Zocalo Square, Mexico City


Alejandro Poiré
Dean of the School of Government and Public Transformation, Tecnológico de Monterrey


Wednesday, February 25, 2015


12–1:30 p.m. PT


RAND Corporation
1776 Main Street
Santa Monica, CA

About the Program

The new political reform in Mexico approved in 2013 has had a negative impact on money supervision and the campaign finance system. This has put the problem of corruption front and center on the social agenda. The paradox of this new reform is based on political support and electoral financing. The reason behind this is that Mexico’s campaign finance system has directly generated an exponential growth of cash-based clientelism, which is at the origins of its current legitimacy crisis.

About the Speaker

Alejandro Poiré has devoted his career to the study and construction of democracy in Mexico. He holds a Bachelor´s Degree in Political Science from ITAM and a PhD in Political Science from Harvard Kennedy School of Government. He later became a member of ITAM´s faculty and Chair of the Academic Department of Political Science. His career as a Public Servant started in 2003, when he was named a senior official in Mexico's Electoral Institute (IFE), where he enforced the laws on political parties, which included disbursement and auditing of their public finance.
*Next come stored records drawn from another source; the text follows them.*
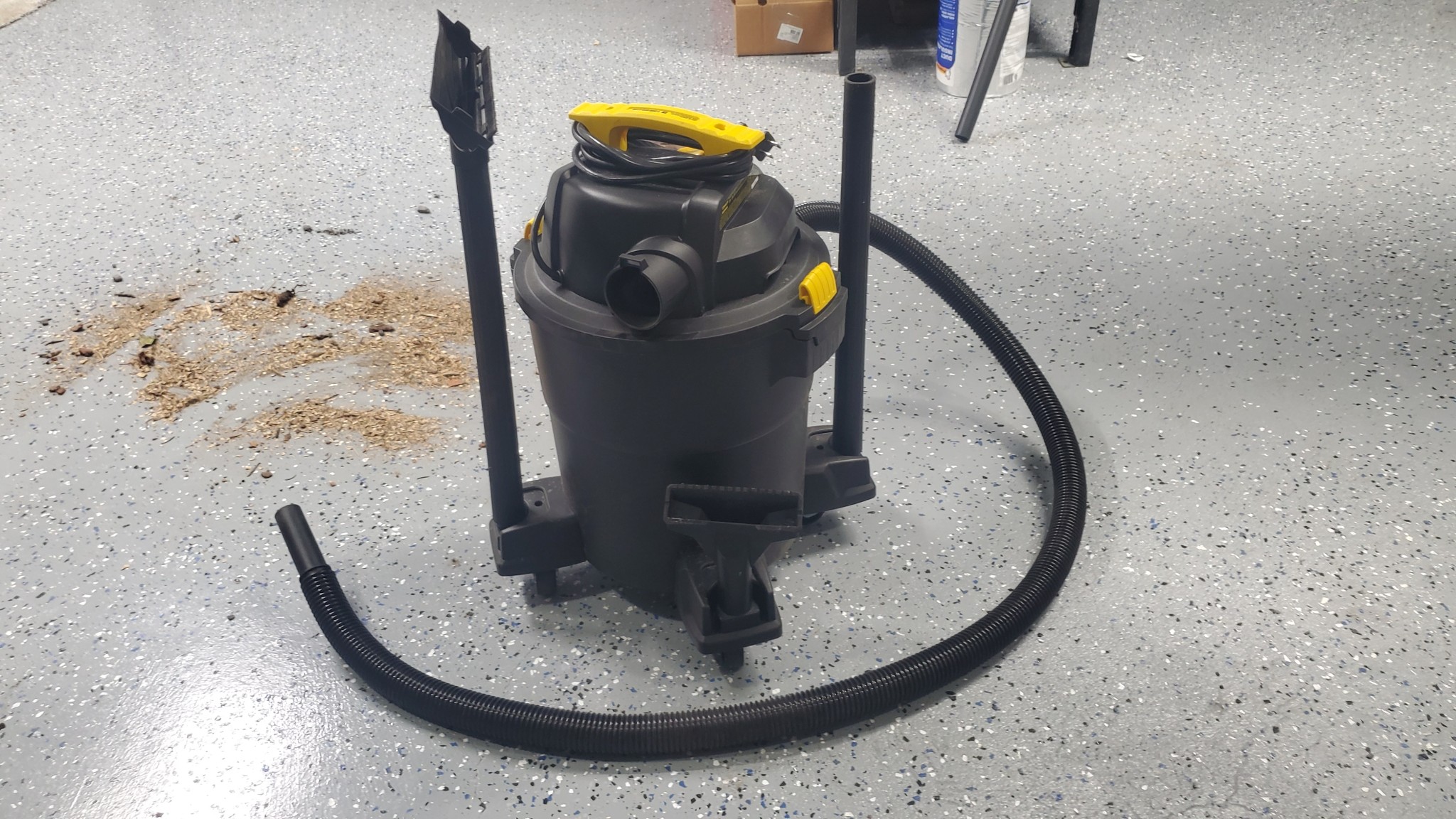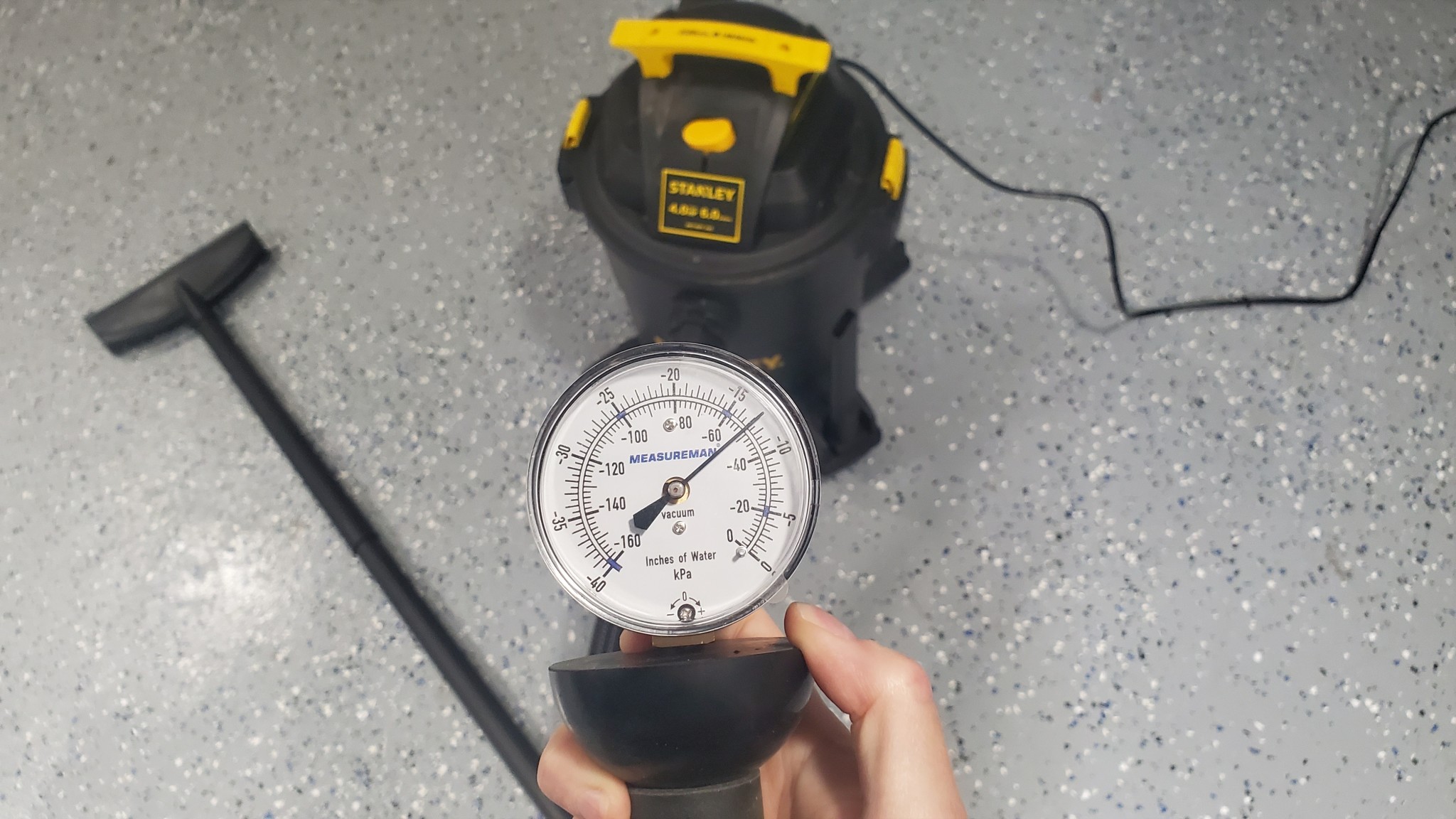 The Stanley's surprisingly high suction power translated into solid floor cleaning performance. Our dry cleanup test consisted of picking up two gallons of mixed debris, including wood chips, gravel, and bark pieces, without any attachment. The Stanley clocked a time of 135 seconds, once again being near the top of the pack for small volume shop vacs. In our wet mess cleanup, it sucked up two gallons of muddy water in 14 seconds.
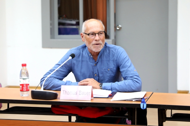 9月4日上午,在行政楼216会议室举办了2017年江汉大学暑期大学开学典礼,副校长李卫东、奥地利维也纳大学托马斯·鲍尔教授等出席开学典礼并致辞,同时出席开学典礼的还有我校教务处、研究生处、外事处、商学院、国际教育学院等部门和学院的负责人、国际电子科学协会的专家以及暑期大学学员和暑期大学志愿者。开学典礼由商学院副院长陈磊主持。
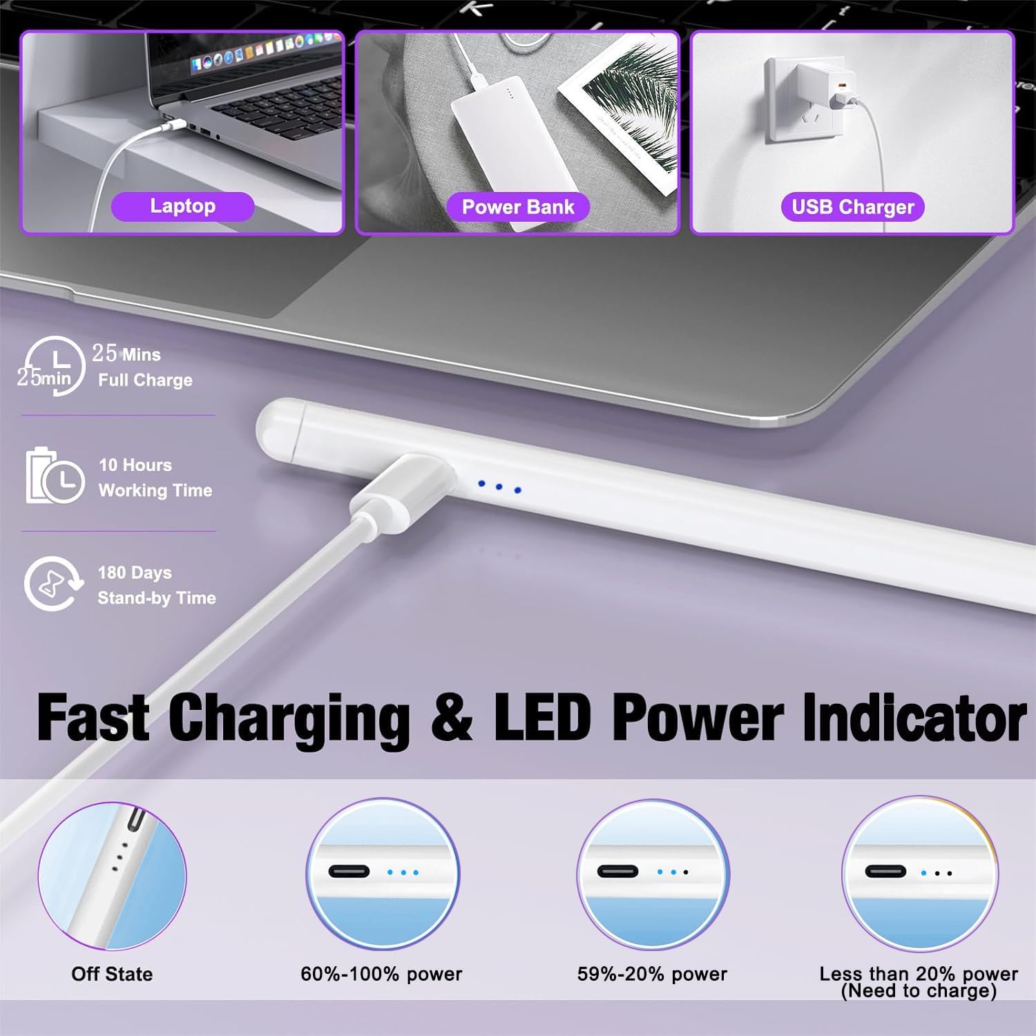 - 【25 Mins Fast Charging & Power Display】Apple pencil charges fully in 25 minutes and allows 10 hours of continuous use. It also auto shuts down after 5 minutes of inactivity to save power.【Triple-Indicator】This pencil for iPad is equipped with a built-in indicator light, with just a glance, effortlessly gauges your pencil's battery life, ensuring you're always ready to create. Power display: three lights on: 60%-100% power, two lights on: 20%-59% power, one light on: less than 20% power.
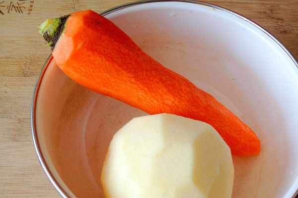 制作過程:1、首先我們要準備好制作這道【胡蘿卜蘋果汁】需要用到的食材:先把胡蘿卜和蘋果清洗幹凈,然後用削皮刀削去胡蘿卜和蘋果的外皮。
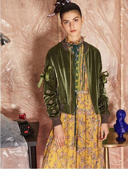 绿色的外套也不能放弃哦,这款复古绿穿在身上是不是很好看,也很复古时髦,小款的版型很适合小个子女生穿哦,内搭一件碎花连衣裙,衣领处花边的设计彰显出女性的优雅与浪漫,腰间收腰的设计轻松将小蛮腰展现出来,碎花与黄色的搭配在清新自然,搭配一双高跟鞋,整体的造型很是大方显气质。
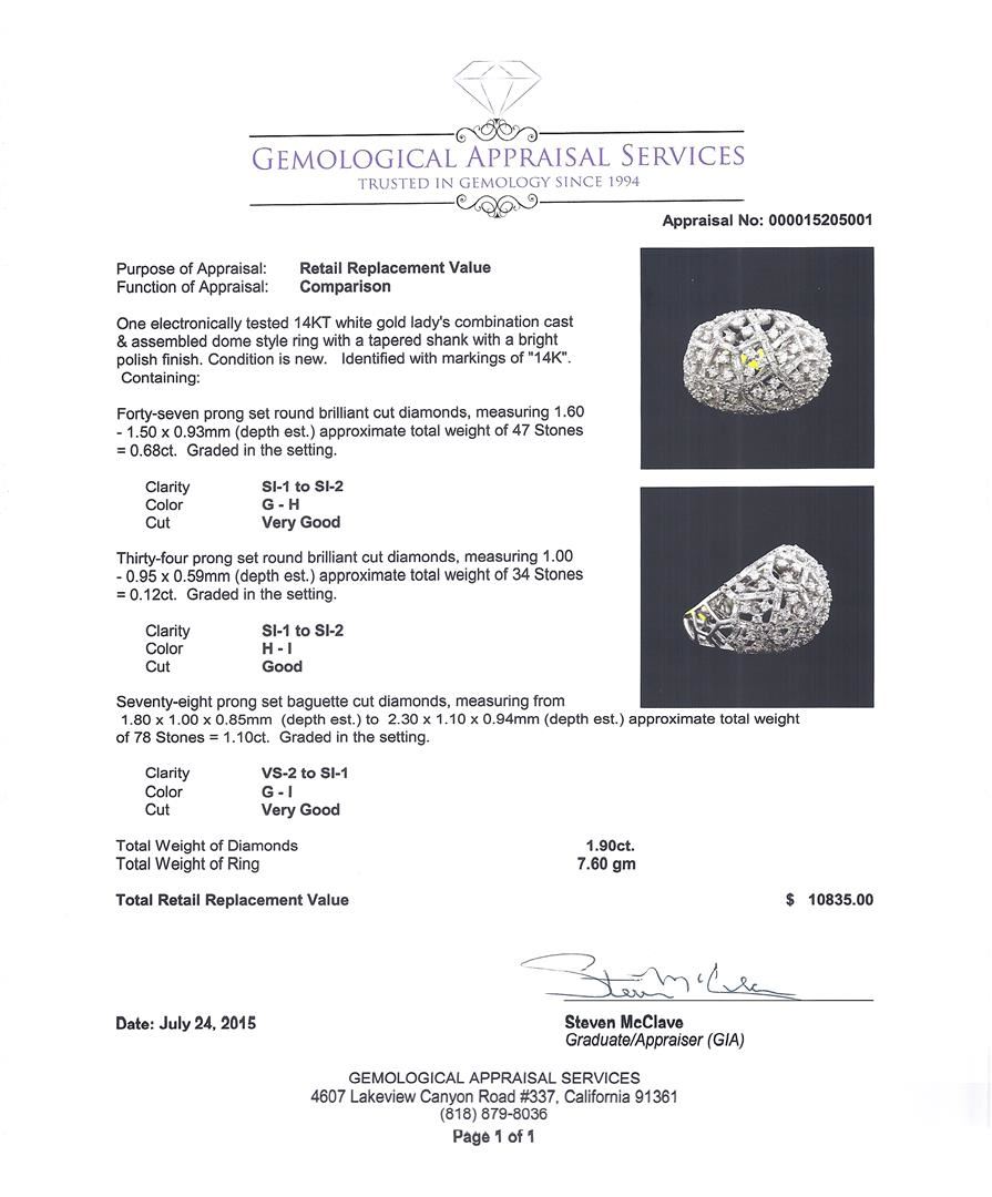 One electronically tested 14KT white gold lady's combination cast & assembled dome style ring with a tapered shank with a bright polish finish. Condition is new. Identified with markings of "14KT". Containing: Forty-seven prong set round brilliant cut diamonds, measuring 1.60 - 1.50 x 0.93mm (depth est.) approximate total weight of 47 Stones = 0.68ct. Graded in the setting. Clarity: SI-1 to SI-2. Color: H - I. Cut: Very Good. Thirty-four prong set round brilliant cut diamonds, measuring 1.00 - 0.95 x 0.59 (depth est.) approximate total weight of 34 Stones = 0.12ct. Graded in the setting. Clarity: VS-2 to SI-2. Color : H - I. Cut : Good. Seventy-eight prong set baguette cut diamonds, measuring from 1.80 x 1.00 x 0.85mm (depth est.) to 2.30 x 1.10 x 0.94 (depth est.) approximate total weight of 78 stones = 1.10ct. Graded in the setting. Clarity: VS-2 to SI-1. Color: G - I. Cut : Very Good. Total Weight of Diamonds : 1.90ct. Total Weight of Ring : 7.60 gm. Gemological Appraisal Services at $10,835.00.
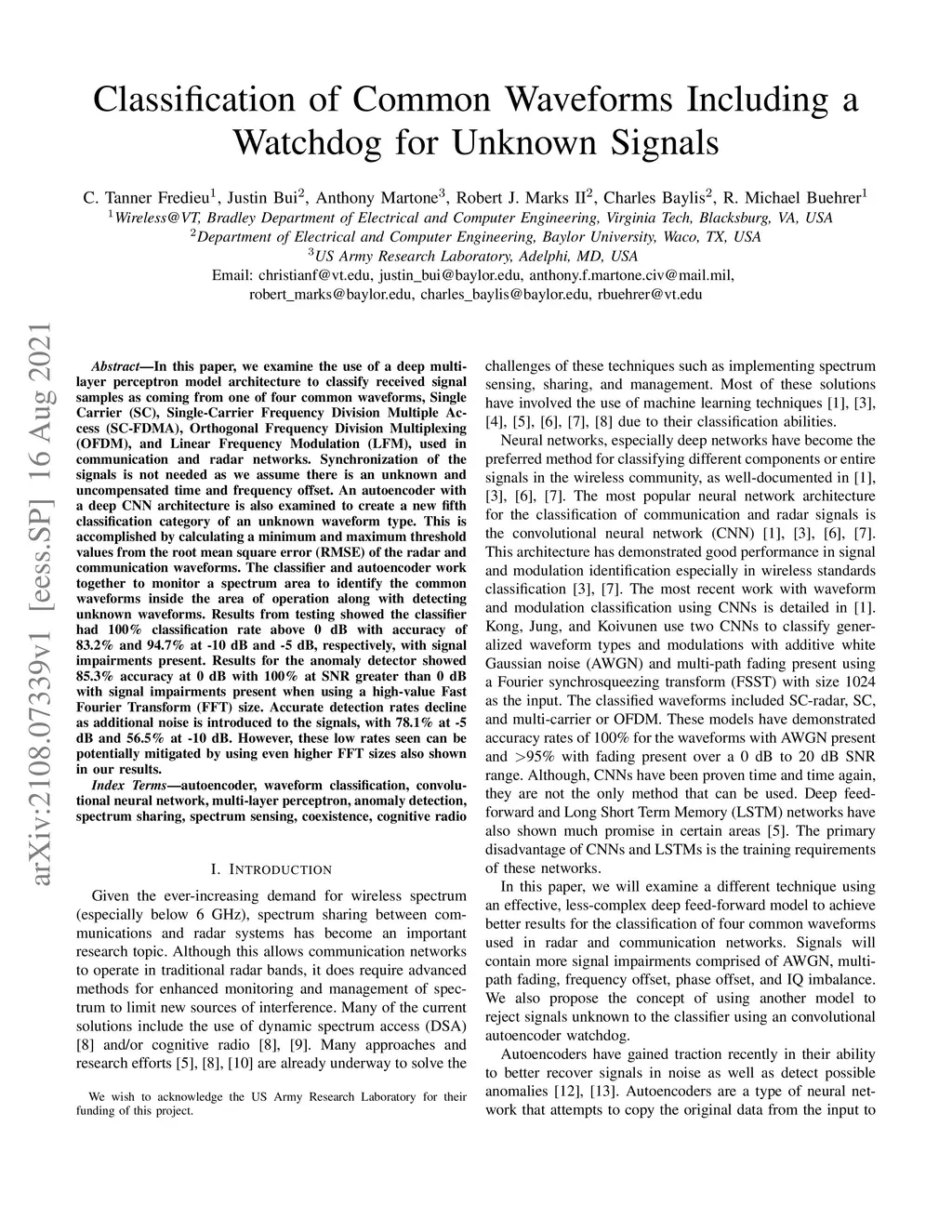In this paper, we examine the use of a deep multi-layer perceptron model architecture to classify received signal samples as coming from one of four common waveforms, Single Carrier (SC), Single-Carrier Frequency Division Multiple Access (SC-FDMA), Orthogonal Frequency Division Multiplexing (OFDM), and Linear Frequency Modulation (LFM), used in communication and radar networks. Synchronization of the signals is not needed as we assume there is an unknown and uncompensated time and frequency offset. An autoencoder with a deep CNN architecture is also examined to create a new fifth classification category of an unknown waveform type. This is accomplished by calculating a minimum and maximum threshold values from the root mean square error (RMSE) of the radar and communication waveforms. The classifier and autoencoder work together to monitor a spectrum area to identify the common waveforms inside the area of operation along with detecting unknown waveforms. Results from testing showed the classifier had 100\% classification rate above 0 dB with accuracy of 83.2\% and 94.7\% at -10 dB and -5 dB, respectively, with signal impairments present. Results for the anomaly detector showed 85.3\% accuracy at 0 dB with 100\% at SNR greater than 0 dB with signal impairments present when using a high-value Fast Fourier Transform (FFT) size. Accurate detection rates decline as additional noise is introduced to the signals, with 78.1\% at -5 dB and 56.5\% at -10 dB. However, these low rates seen can be potentially mitigated by using even higher FFT sizes also shown in our results.
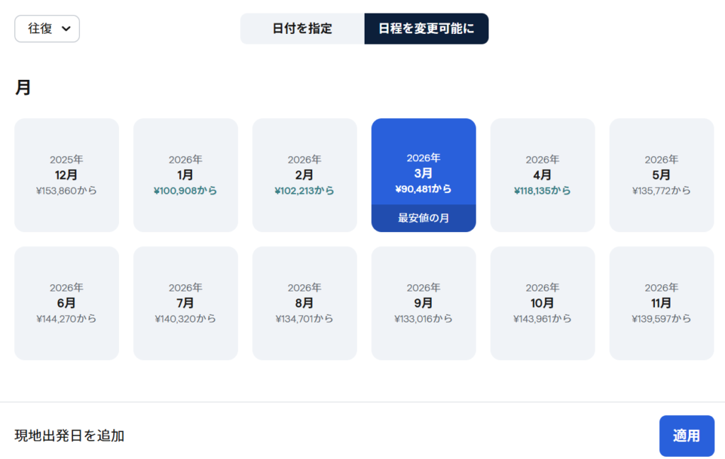 さらに、[日程を変更可能に]を選択すると、各月毎の値段の傾向が一目でわかります。
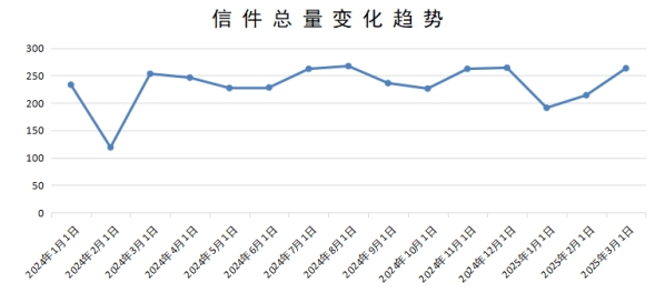 3月,“市長信箱”共收到群眾來信263件。信件總量變化趨勢如下圖所示:
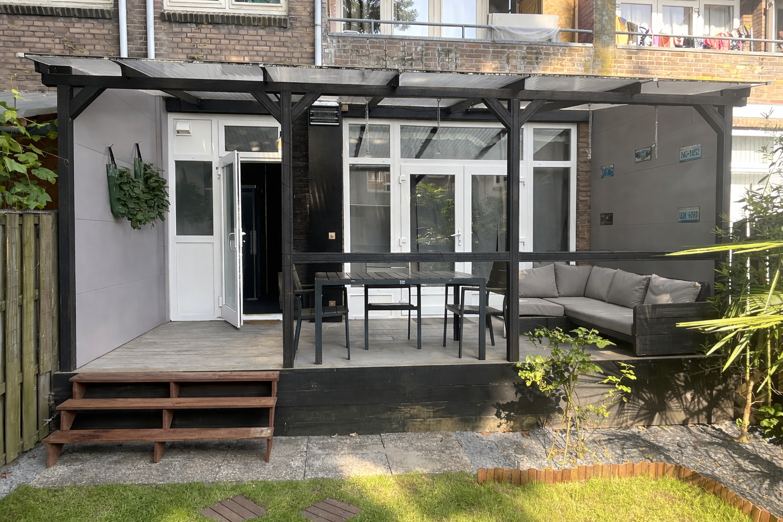 De heerlijke tuin met prachtige veranda vormt een verlengstuk van de woning en is een ideale plek om vrijwel het hele jaar door buiten te zitten. Achterin bevindt zich bovendien een ruime berging, perfect voor fietsen, gereedschap of hobby’s. Extra opslag is er dankzij de inpandige kelder/berging.
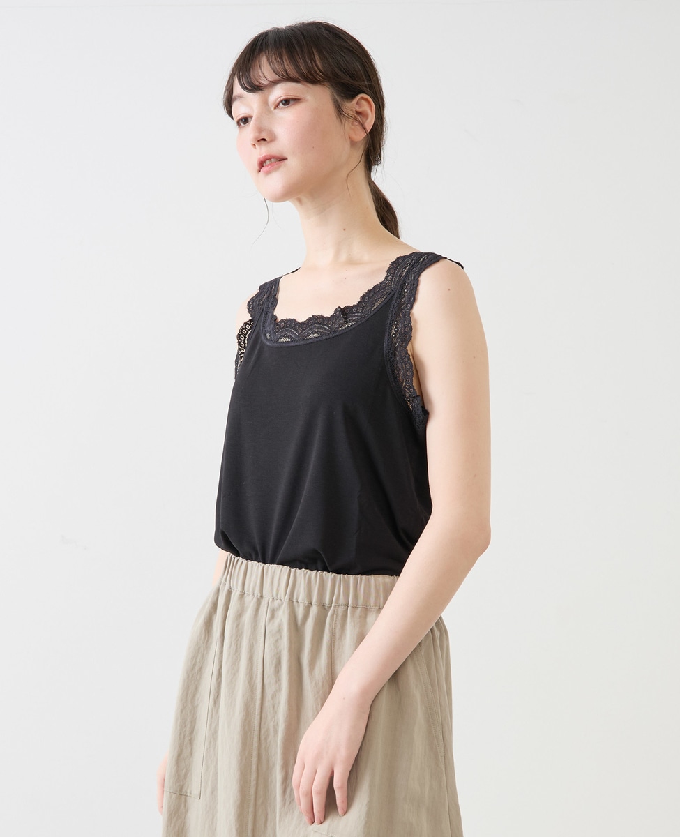 素材 本体:レーヨン65% ポリエステル30% ポリウレタン5% レース部分:ナイロン88% ポリウレタン12%
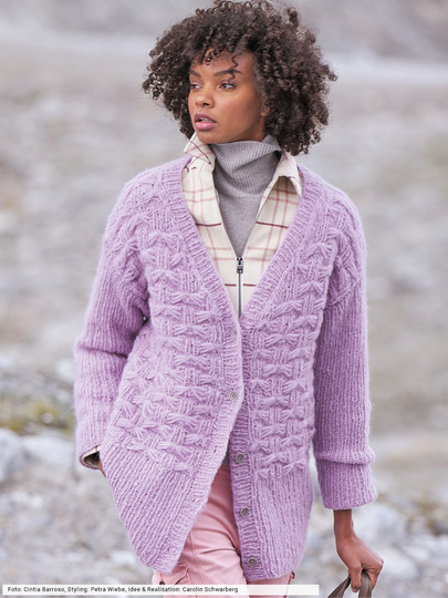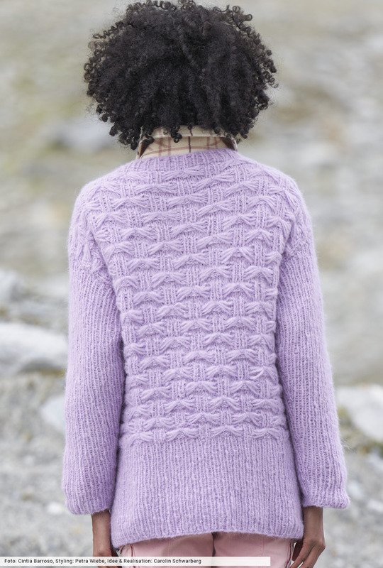 Bei diesem Fangmuster raten wir zu einer kleinen Maschenprobe, danach geht die Arbeit umso schneller von der Nadel. Denn für die tolle Optik müssen erst Spannfäden gearbeitet, vor der Arbeit entlanggeführt und dann zusammen verstrickt werden. Aber keine Angst: Unsere übersichtliche Strickschrift dient als Orientierungshilfe. Die hohen Bündchen und die schmalen Ärmel stricken sich dann im einfachen Rippenmuster wie von selbst. Aus edlem Lamagarn ein Stück fürs Leben!

In 2005 he was awarded the Robert F. Kennedy Visiting Professorship in Latin American Studies in the Harvard Kennedy School of Government. In 2007 he joined President Felipe Calderon´s administration where he served in different positions such as Undersecretary of State for Population, Migration and Religious Affairs, Agency Secretary of the National Security Council and Cabinet and Spokesperson of the Security Strategy of the Federal Government and, finally, Minister of Interior. As an Academic, he has published many articles, chapters and essays on democratization, political parties, public opinion, security and democracy and has given conferences in more than 20 Universities in the United States, Latin America and Europe. He has also been a Fellow in Stanford and MIT.He is founder of the social enterprise Mexico Crece, which searches innovative solutions for increasing opportunities for young students. On August 2013, he was appointed Dean of the School of Government and Public Transformation of Tecnológico de Monterrey.